Search code examples
javafilehashmapfrequency

How to record a string appear frequency faster using HashMap in Java?


I'm studying a decision tree, and the algorithm has a part of record string frequency from file. This file have 30,000 cases and 1.68MB size.

I try to using HashMap to do this, in my main algorithm code, the replace method run about 900 milion times and took me about 30 seconds. Any way I can do it faster?

There are simplify code of my main algorithm code below, it took me about 10 second.

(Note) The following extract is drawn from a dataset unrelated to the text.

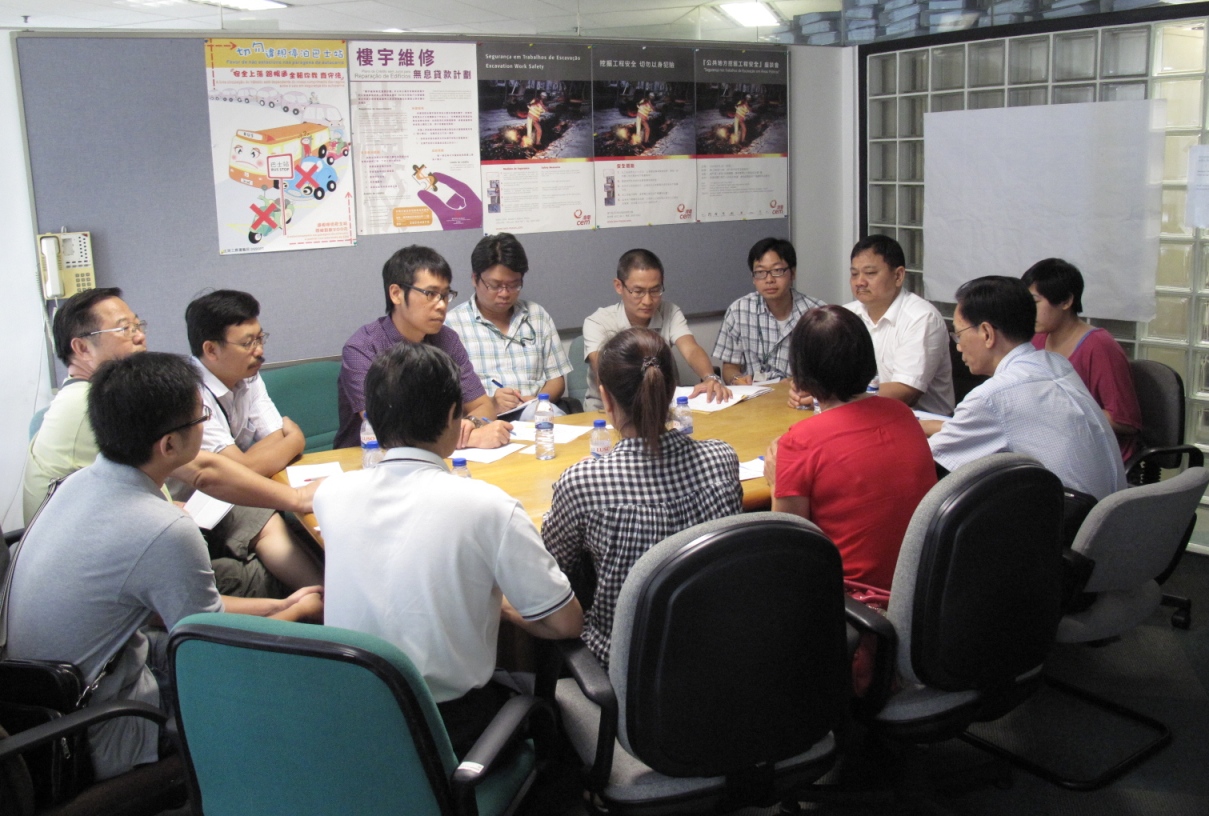 街總大廈管理資源中心主任陳溥森、街總北區辦事處主任周宜心、馬場黑沙環祐漢新村居民聯誼會理事長鄭麗霞等一行人日前到訪土地工務運輸局,主要反映東北區的舊樓失修問題,由城市建設廳代廳長梁俊佳、監察處代處長李建豐等接見。

Map<String, Integer> classesCount = new HashMap<>();
int target = 900000000;

classesCount.put("a", 0);
classesCount.put("b", 0);

for(int i = 0; i < target; i++) {
    if (i % 2 == 0) {
        classesCount.replace("a", classesCount.get("a") + 1);
    }
    else {
        classesCount.replace("b", classesCount.get("b") + 1);
    }
}

To make it more clear my actual code, I have a class Value, and I have an array of Value class in main method, this is Values class as below.

public class Value<T extends Comparable<T>> implements Comparable<Value<T>> {
public T value;
public String result;

public Value(T value, String result) {
    this.value = value;
    this.result = result;
}

public int compareTo(Value<T> v) {
    return value.compareTo(v.value);
}

}

this is main method code as below. assume arrayOfValue already have many element and every Value's result just have "a" and "b":

Map<String, Integer> classesCountA = new HashMap<>();
Map<String, Integer> classesCountB = new HashMap<>();
Value[] arrayOfValue = new Value[];
int splitIndex = 55;

classesCountA.put("a", 0);
classesCountA.put("b", 0);
classesCountB.put("a", 0);
classesCountB.put("b", 0);

for(int i = 0; i < arrayOfValue.length; i++) {
    if(i < splitIndex) {
        classesCountA.replace(arrayOfValue[i].result, classesCount.get(arrayOfValue[i].result) + 1);
    }
    else {
        classesCountB.replace(arrayOfValue[i].result, classesCount.get(arrayOfValue[i].result) + 1);
    }
}

Solution

  • You don't need to replace the map's value at all. In contrast to keys map values are allowed to be mutable so all you need is a mutable structure to hold the frequency for each value.

    Thus you could do it like this (simplified):

    class Frequency {
      int value;
    }
    
    Map<String, Frequency> frequencyMap = new HashMap<>();
    
    //iterate over the words
    for(String word : words) {
      //get the mutable frequency for each word
      Frequency f = frequencyMap.get(word);
    
      //if the entry doesn't exist yet put it into the map
      //(you could use computeIfAbsent but it would be slower
      if( f == null ) {
         f = new Frequency();
         frequencyMap.put(word, f);
      }
    
      //just mutate the frequency - no need to change the map again
      f.value++;
    }
    

    On my machine that's about 5x faster than the replace(key, get(key) + 1) approach.